▶ **WORK ITEM**
Transcribe the listing in full, excluding any pictures.

BEGIN STORED DATA

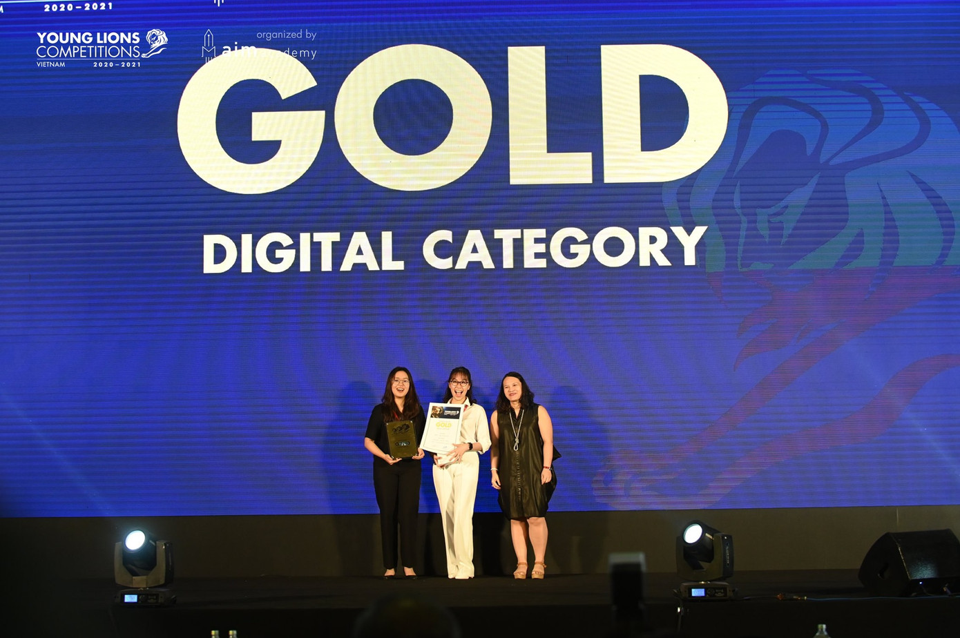 Sinh viên ngành Truyền thông chuyên nghiệp Nguyễn Minh Thy và Hồ Vũ Phương Uyên đã giành giải Vàng hạng mục Kỹ thuật số.
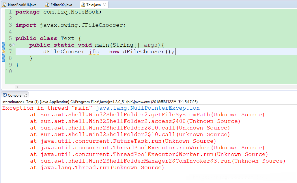 极少部分人运气不好可能遇到这样一个问题。只要实例化JFileChooser对象就会报空指针异常;
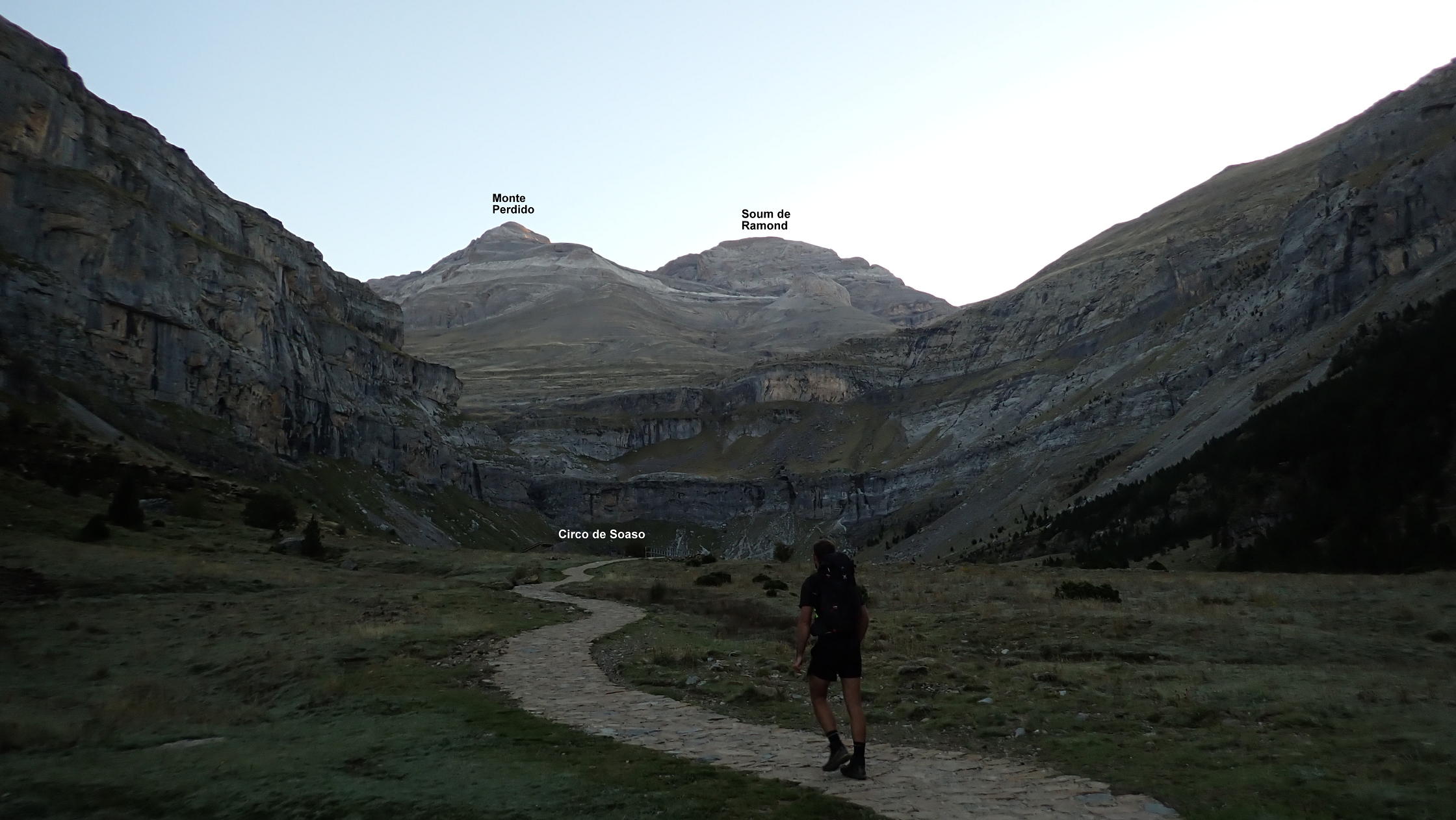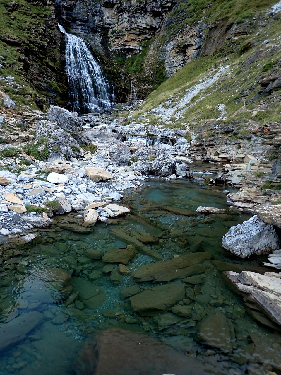 Descripción de la ruta: Pradera de Ordesa (1325m). Partimos de noche, con nuestros frontales. Sabemos que el camino no tiene ninguna dificultad y avanzamos rápidos por el fondo del valle de Ordesa, entre el bosque de hayas, con el río Arazas a nuestra derecha, sin asomarnos a las preciosas cascadas que se forman en los estrechamientos del cauce. Empieza a haber luz cuando llegamos a los saltos de agua de las Gradas de Soaso. El valle se ensancha para cerrarse por las paredes del circo de Soaso, donde cae la cascada Cola de Caballo (1760m 1h47′), que a estas horas está desierta.

END STORED DATA

▶ **ANSWER SECTION**
 Sinh viên ngành Truyền thông chuyên nghiệp Nguyễn Minh Thy và Hồ Vũ Phương Uyên đã giành giải Vàng hạng mục Kỹ thuật số.
 极少部分人运气不好可能遇到这样一个问题。只要实例化JFileChooser对象就会报空指针异常;
 Descripción de la ruta: Pradera de Ordesa (1325m). Partimos de noche, con nuestros frontales. Sabemos que el camino no tiene ninguna dificultad y avanzamos rápidos por el fondo del valle de Ordesa, entre el bosque de hayas, con el río Arazas a nuestra derecha, sin asomarnos a las preciosas cascadas que se forman en los estrechamientos del cauce. Empieza a haber luz cuando llegamos a los saltos de agua de las Gradas de Soaso. El valle se ensancha para cerrarse por las paredes del circo de Soaso, donde cae la cascada Cola de Caballo (1760m 1h47′), que a estas horas está desierta.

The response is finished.